What should you do instead of hastily tweeting?
Instead of rushing to post, rush to read and understand.
Don’t be like the ladies of “The View:” When presented with a hot topic in the news, take the time to educate yourself and ask questions rather than add to the chaos, said Jenna Wigman, the vice president and a partner at Press Kitchen, a PR agency based in Santa Monica and New York.
“Personally, I enjoy healthy debate and discourse with people on timely topics, but I don’t think the internet is an environment in which such discussions can thrive,” Wigman told HuffPost. “When I have questions, I seek out either new sources or friends who are more knowledgable on the subject. Then I take the time to form my own opinions once I have more information.”
Instead of rushing to post, rush to read, Wigman said ― and not just from news outlets and media influencers who will further cement your viewpoints. To really understand, you generally have to step out of the comfort of your political echo chamber.
“Time will always be kind to a proclamation of, ‘I don’t know,’ rather than a fiery opinion based more on an eagerness to be first, not right,” she said.
Send whatever you’re thinking of tweeting to your friend group chat instead.
For the love of God, utilize those group chats! Your friends will react far more kindly to the dumb (and smart!) things you say than the 330 million users on Twitter you’re considering spouting off to.
Consider yourself your own personal PR team.
Unfortunately, if you tweet something that gets you close to being “canceled,” you won’t be able to afford a crisis management team like the Chrissy Teigens of the world. But what you can do is act as your own PR representative before things get out of hand.

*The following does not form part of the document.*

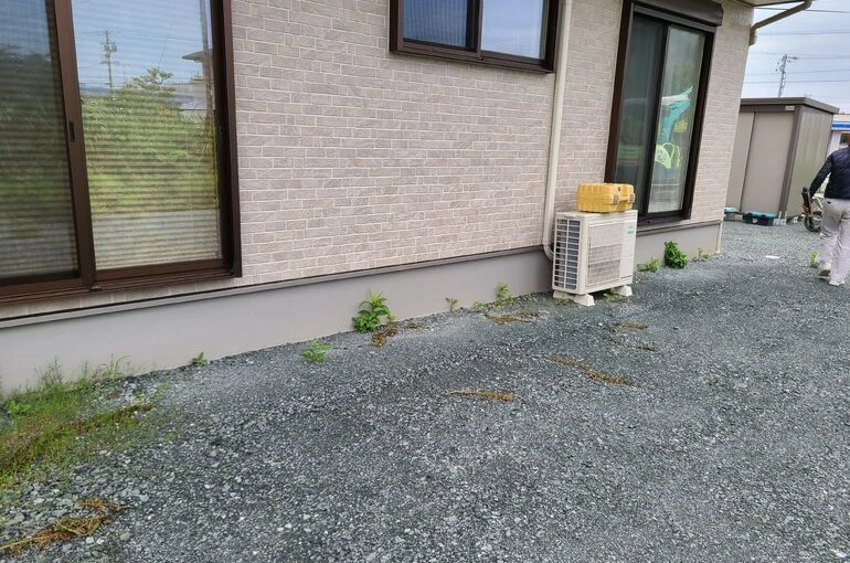 上の写真の所にパネル付きのテラス屋根&竿掛けとデッキを新設します(^^)

“Think of it from a PR perspective: What will it do for you personally, your online ‘brand,’ if you share this thought or joke?” Austin said.

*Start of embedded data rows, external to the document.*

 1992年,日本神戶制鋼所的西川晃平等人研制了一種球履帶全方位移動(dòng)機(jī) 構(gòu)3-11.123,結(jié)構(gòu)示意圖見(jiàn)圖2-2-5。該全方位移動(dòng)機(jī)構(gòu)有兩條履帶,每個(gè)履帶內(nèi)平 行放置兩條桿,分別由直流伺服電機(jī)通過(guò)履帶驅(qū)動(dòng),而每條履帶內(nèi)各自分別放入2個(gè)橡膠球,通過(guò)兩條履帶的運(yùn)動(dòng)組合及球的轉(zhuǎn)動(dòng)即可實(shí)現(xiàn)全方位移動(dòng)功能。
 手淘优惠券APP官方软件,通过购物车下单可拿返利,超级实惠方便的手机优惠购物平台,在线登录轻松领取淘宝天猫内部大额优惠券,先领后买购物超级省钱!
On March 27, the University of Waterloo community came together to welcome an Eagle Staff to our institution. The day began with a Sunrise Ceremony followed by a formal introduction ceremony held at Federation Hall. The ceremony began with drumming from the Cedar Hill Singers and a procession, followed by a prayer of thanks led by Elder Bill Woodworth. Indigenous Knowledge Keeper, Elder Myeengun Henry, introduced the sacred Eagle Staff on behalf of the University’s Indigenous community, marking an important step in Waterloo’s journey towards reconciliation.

“Will it enhance your personal brand, or will you be having to indulge in damage limitation afterwards?” she asked.
Ask yourself: Am I adding any value here? How am I moving the conversation forward?
When is something good to post? The short answer is when it’s adding value to a timely conversation. Wigman admits it can be tough to objectively examine if your perspective actually adds value.
“But I think if you’re coming from an expert POV on the given topic, you should feel more comfortable bringing an opinion backed by facts to the table,” she said. “Still, it’s always wise to take a beat and listen first.”
Bottom line: Think, and think hard, before you tweet.
“I know I’ve typed something out on my phone or laptop in the past and then realized it just wasn’t good enough or was, to be honest, wrong, and I didn’t hit enter or tweet or whatever to publish,” Toebe said. “In this climate, you have to think of the risk now more than ever if you value your future well-being.”